▸ **TASK**
All of the records below are to be copied exactly.

----

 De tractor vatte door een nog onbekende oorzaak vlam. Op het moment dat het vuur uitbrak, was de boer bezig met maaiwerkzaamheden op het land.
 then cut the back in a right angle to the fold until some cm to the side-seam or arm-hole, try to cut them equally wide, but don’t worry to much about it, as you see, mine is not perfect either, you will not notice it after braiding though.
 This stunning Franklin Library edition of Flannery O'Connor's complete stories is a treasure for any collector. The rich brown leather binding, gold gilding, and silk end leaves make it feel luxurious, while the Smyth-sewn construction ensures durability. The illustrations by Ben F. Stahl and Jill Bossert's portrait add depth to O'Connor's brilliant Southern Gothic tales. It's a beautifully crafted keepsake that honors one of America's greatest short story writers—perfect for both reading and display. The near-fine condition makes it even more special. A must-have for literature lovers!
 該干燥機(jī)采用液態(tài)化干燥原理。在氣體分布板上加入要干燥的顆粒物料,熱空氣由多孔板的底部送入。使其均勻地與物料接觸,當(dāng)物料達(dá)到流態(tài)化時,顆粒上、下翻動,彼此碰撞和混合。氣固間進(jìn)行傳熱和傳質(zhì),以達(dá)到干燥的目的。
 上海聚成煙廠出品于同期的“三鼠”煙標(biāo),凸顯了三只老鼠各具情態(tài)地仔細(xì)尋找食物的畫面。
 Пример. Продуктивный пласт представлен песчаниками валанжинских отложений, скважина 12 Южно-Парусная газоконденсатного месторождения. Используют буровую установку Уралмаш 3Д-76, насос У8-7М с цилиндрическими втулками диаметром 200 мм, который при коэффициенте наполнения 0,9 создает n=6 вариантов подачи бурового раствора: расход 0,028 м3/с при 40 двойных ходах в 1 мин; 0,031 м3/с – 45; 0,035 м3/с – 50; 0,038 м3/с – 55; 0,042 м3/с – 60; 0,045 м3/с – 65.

----

▸ **COMPLETED TASK**
 De tractor vatte door een nog onbekende oorzaak vlam. Op het moment dat het vuur uitbrak, was de boer bezig met maaiwerkzaamheden op het land.
 then cut the back in a right angle to the fold until some cm to the side-seam or arm-hole, try to cut them equally wide, but don’t worry to much about it, as you see, mine is not perfect either, you will not notice it after braiding though.
 This stunning Franklin Library edition of Flannery O'Connor's complete stories is a treasure for any collector. The rich brown leather binding, gold gilding, and silk end leaves make it feel luxurious, while the Smyth-sewn construction ensures durability. The illustrations by Ben F. Stahl and Jill Bossert's portrait add depth to O'Connor's brilliant Southern Gothic tales. It's a beautifully crafted keepsake that honors one of America's greatest short story writers—perfect for both reading and display. The near-fine condition makes it even more special. A must-have for literature lovers!
 該干燥機(jī)采用液態(tài)化干燥原理。在氣體分布板上加入要干燥的顆粒物料,熱空氣由多孔板的底部送入。使其均勻地與物料接觸,當(dāng)物料達(dá)到流態(tài)化時,顆粒上、下翻動,彼此碰撞和混合。氣固間進(jìn)行傳熱和傳質(zhì),以達(dá)到干燥的目的。
 上海聚成煙廠出品于同期的“三鼠”煙標(biāo),凸顯了三只老鼠各具情態(tài)地仔細(xì)尋找食物的畫面。
 Пример. Продуктивный пласт представлен песчаниками валанжинских отложений, скважина 12 Южно-Парусная газоконденсатного месторождения. Используют буровую установку Уралмаш 3Д-76, насос У8-7М с цилиндрическими втулками диаметром 200 мм, который при коэффициенте наполнения 0,9 создает n=6 вариантов подачи бурового раствора: расход 0,028 м3/с при 40 двойных ходах в 1 мин; 0,031 м3/с – 45; 0,035 м3/с – 50; 0,038 м3/с – 55; 0,042 м3/с – 60; 0,045 м3/с – 65.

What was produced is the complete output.